The country’s exports grew 35.1 per cent in May to $16.1 billion (Rs 74,060 crore), recording positive growth for the seventh successive month and triggering hopes that the worst might be over for embattled traders. However, the crisis in the Euro Zone could act as a potential road-bump.
Last May, exports had contracted by more than 30 per cent as shrinking world demand had affected India’s handicrafts, gems and jewellery, leather and textile exports severely in the last one year.
The downturn in exports started in mid-2008 when retail orders from the European Union and the United States crumbled due to the most crushing economic meltdown worldwide causing widespread unemployment and changing consumer-spending behaviour.
The European debt crisis, however, could potentially hurt the recovery in India’s exports.

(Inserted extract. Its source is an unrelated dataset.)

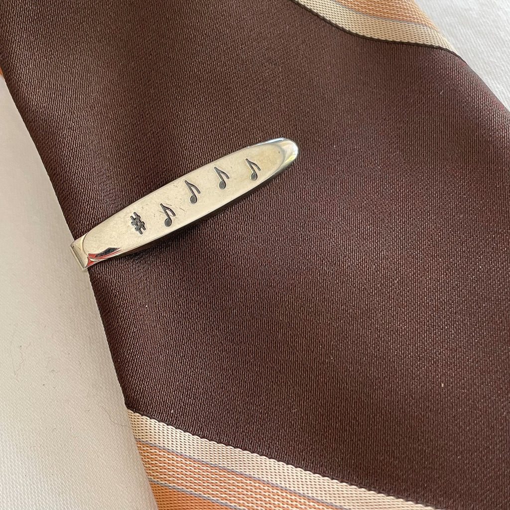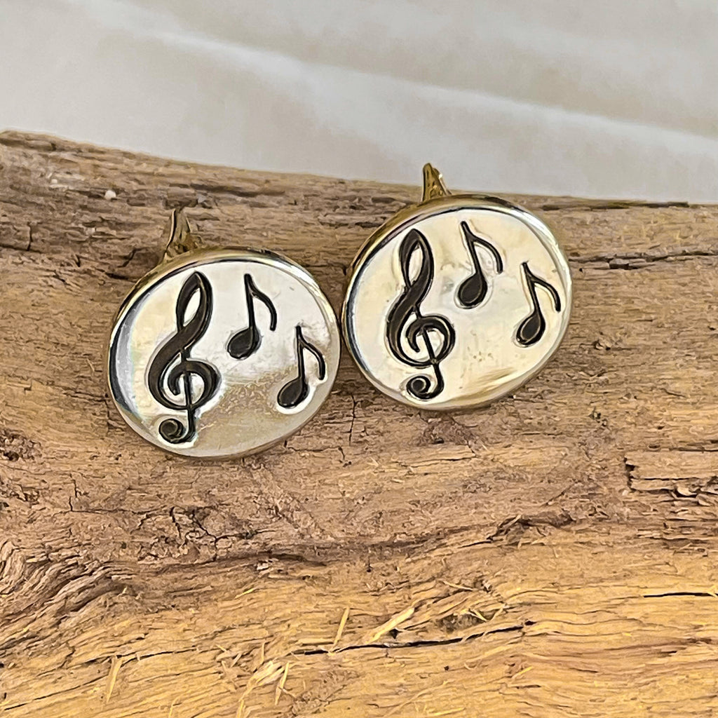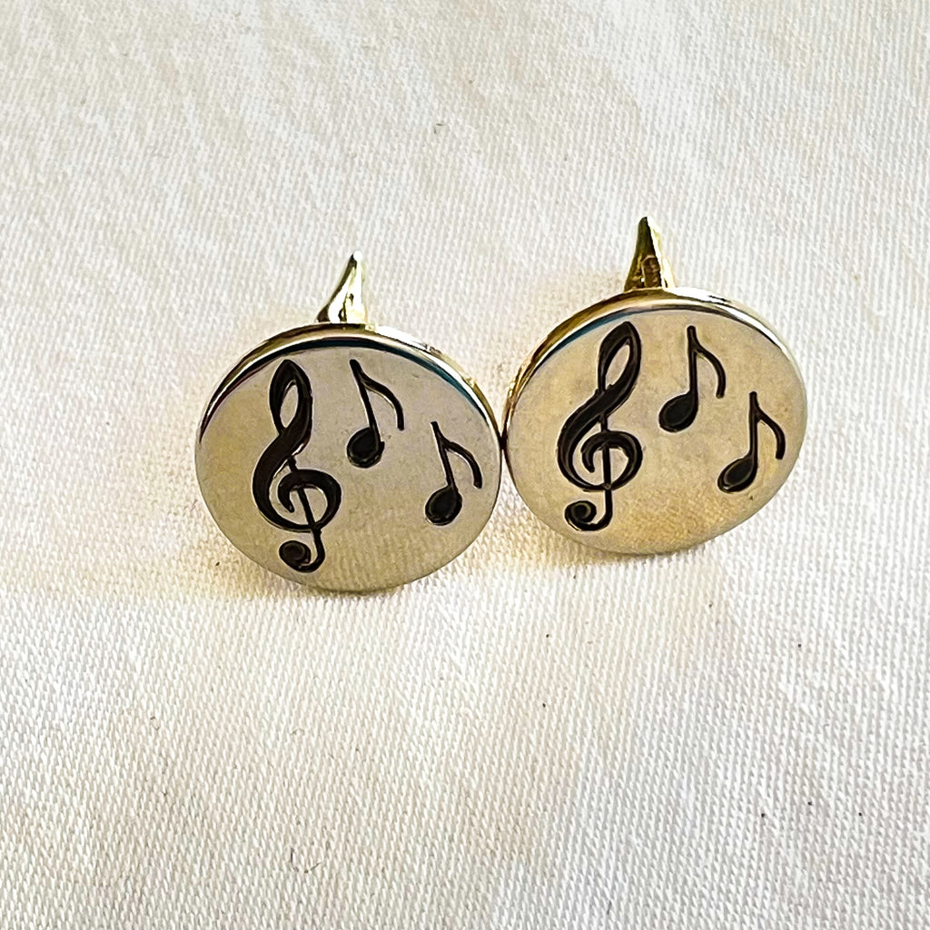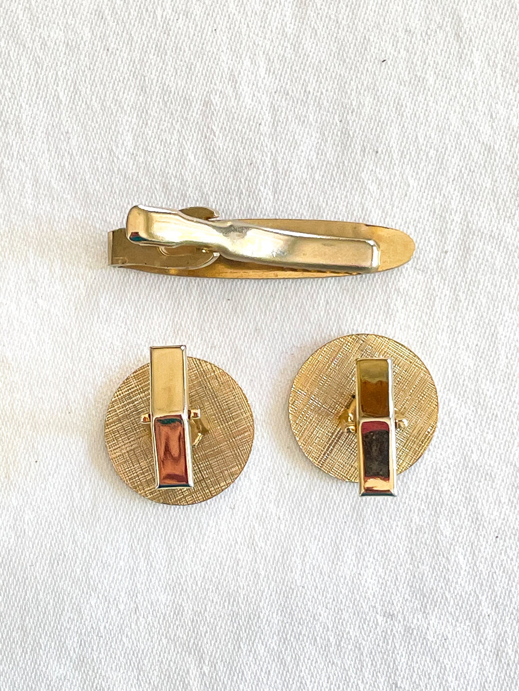 Vintage Music Note Tie Bar Cufflinks Set, Gold Tone Metal 3 Piece Set

“We need to regularly review our strategy in view of the setback in the Euro zone recently,” A. Sakthivel, president, Federation of Indian Export Organisations (FIEO), said.
Sakthivel said the depreciation of euro would provide fierce competition to Indian products in countries where they face competition from Euro nations.
The Euro has depreciated by about 17.5 per cent against the rupee since November last year.
However, for exporters, the Chinese government’s decision to allow its currency — the Yuan — to strengthen could not have come at a better time.
India’s exporters have had to compete with their Chinese counterparts who are aided by an undervalued yuan.
This, exporters said, unfairly drives down the price of Chinese products and makes them impossible to compete with.
Last week, China allowed greater flexibility in exchange rates that strengthened the Yuan against the dollar.